THE DATA below:

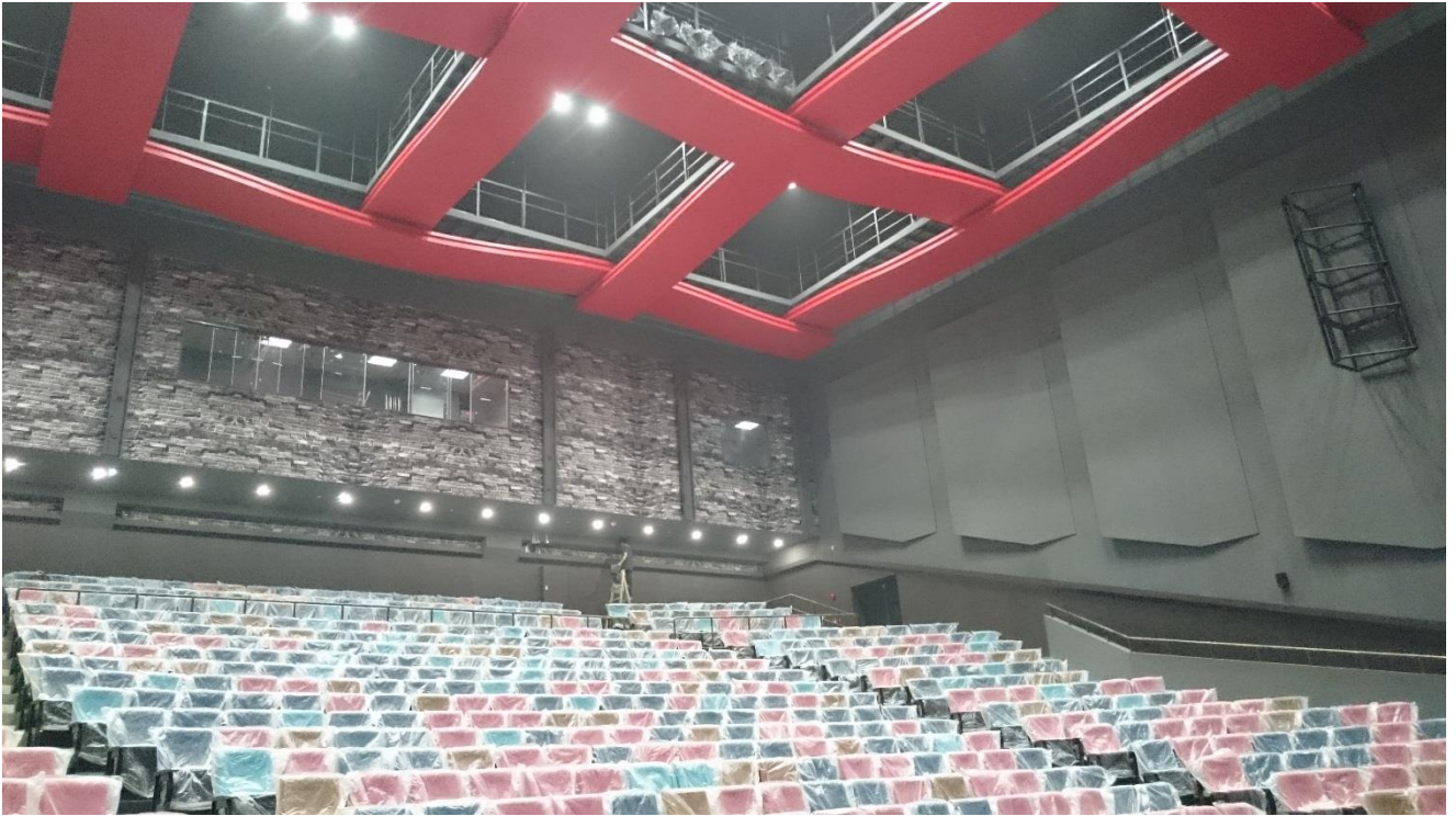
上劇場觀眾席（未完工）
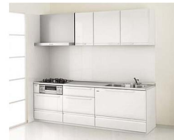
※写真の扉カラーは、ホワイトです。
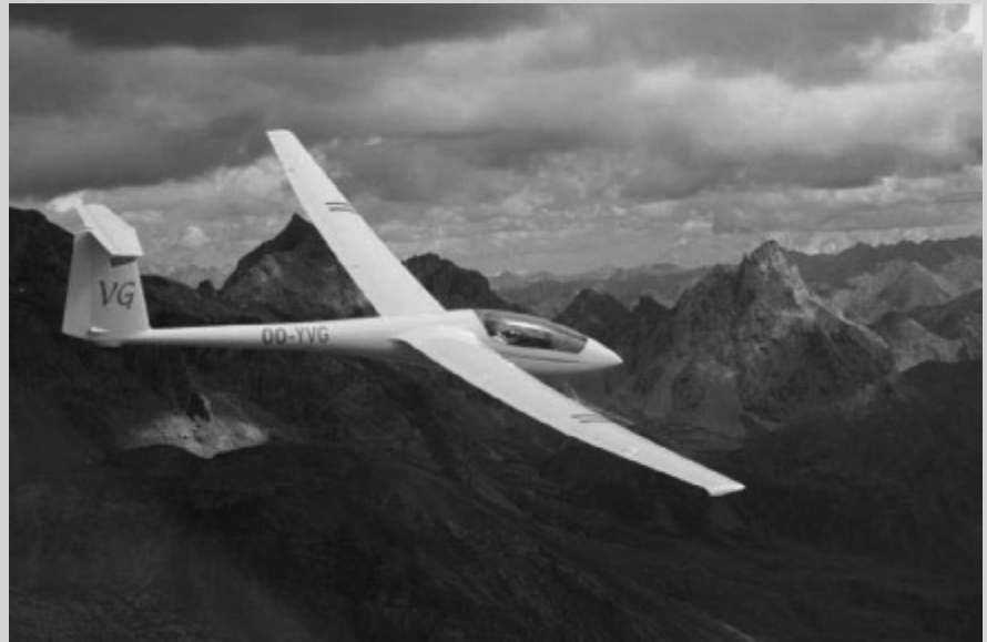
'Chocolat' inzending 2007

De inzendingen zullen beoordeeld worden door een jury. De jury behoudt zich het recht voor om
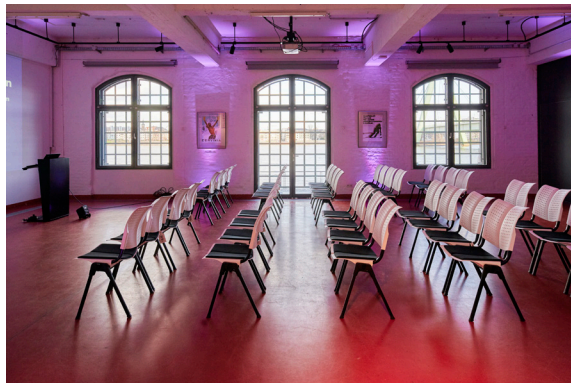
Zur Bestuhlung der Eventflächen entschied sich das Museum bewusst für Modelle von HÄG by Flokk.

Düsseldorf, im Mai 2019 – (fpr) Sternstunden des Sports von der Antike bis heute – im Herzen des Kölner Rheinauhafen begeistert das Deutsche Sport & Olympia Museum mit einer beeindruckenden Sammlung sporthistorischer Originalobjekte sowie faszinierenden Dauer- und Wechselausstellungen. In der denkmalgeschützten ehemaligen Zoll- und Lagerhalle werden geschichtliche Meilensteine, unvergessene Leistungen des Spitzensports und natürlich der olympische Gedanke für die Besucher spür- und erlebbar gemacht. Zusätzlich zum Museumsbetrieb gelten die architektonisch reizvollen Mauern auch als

End of THE DATA.

### EXERCISE PROMPT
Give back an exact repeat of the lines from the top of the data through the line that holds "Zur Bestuhlung der", both included, and omit pictures.

### TASK RESULT
上劇場觀眾席（未完工）
※写真の扉カラーは、ホワイトです。
'Chocolat' inzending 2007

De inzendingen zullen beoordeeld worden door een jury. De jury behoudt zich het recht voor om
Zur Bestuhlung der Eventflächen entschied sich das Museum bewusst für Modelle von HÄG by Flokk.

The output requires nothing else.